E in erneuter Anfall von Hybris? Ist er endgültig reif für die Anstalt? Man weiß nicht so recht, wie man den neuen Vorstoß von Hubertus Knabe werten soll. Der Leiter der Gedenkstätte Hohenschönhausen will noch im April nach Tunis reisen, um die dortige Übergangsregierung im Umgang mit der Vergangenheit zu beraten. Man wird ihn dort sicher schon heiß erwarten, haben die Tunesier doch keine anderen Probleme, als einem selbst ernannten Chef-»Aufklärer« aus dem fernen Deutschland Haftanstalten des alten Regimes zu zeigen und sich belehren zu lassen, wie diese in effektvolle, totalitäre Gruselkabinette zu verwandeln seien. Die dann keiner besucht, außer zwangsrekrutierte Schulklassen oder voyeuristische Touristen. Das arbeitende und arbeitslose Volk wird kaum einen Nerv dafür haben, wie schon Ostdeutschland zeigte, wo DDR-Horrorstätten von den Bürgern wenig frequentiert oder honoriert werden.
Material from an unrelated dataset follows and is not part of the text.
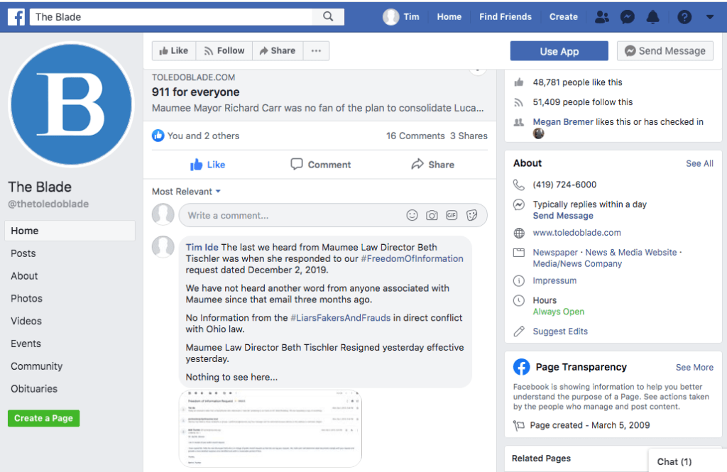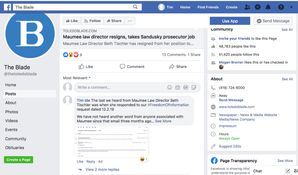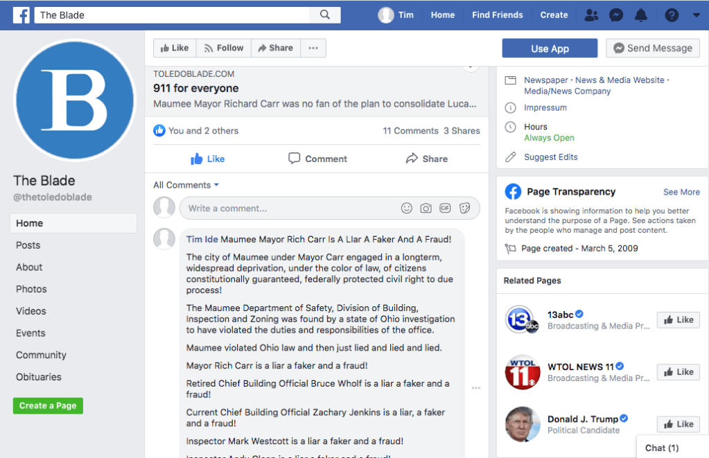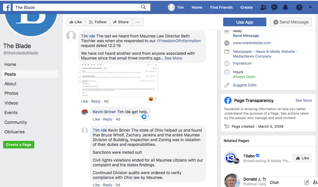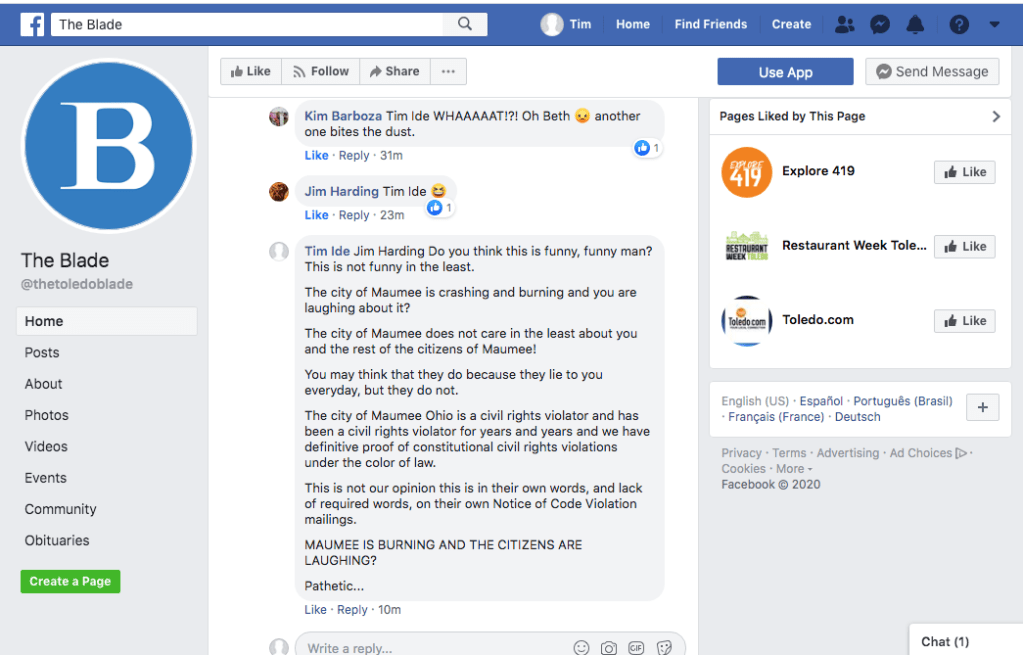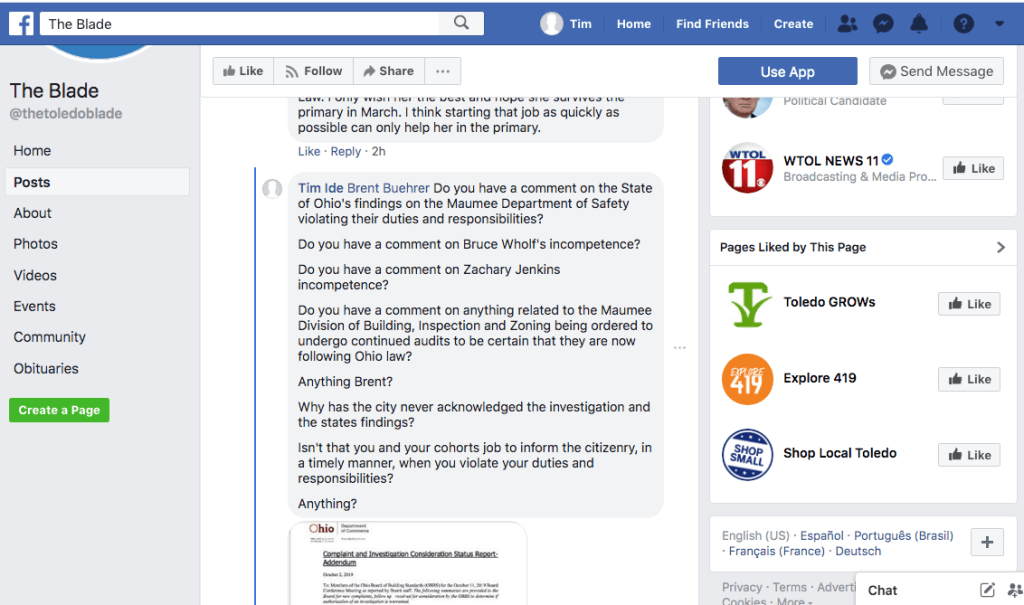Screen Shot of posts on Facebook.

Knabe tritt die große Reise nicht allein an. Mit von der Partie bei dieser Hubertusjagd ist Christoph Schaefgen, General-Ankläger in den Politbüroprozessen. Bereits nach Aburteilung von Honecker & Co. hatte er den Wunsch deklariert, global Diktatoren zu erlegen. Gestürzt wurde Ben Ali von den Tunesiern. Und es ist ihnen zuzutrauen, dass sie ihre Geschichte allein bewältigen – ohne paternalistisches Gehabe fremder Missionare.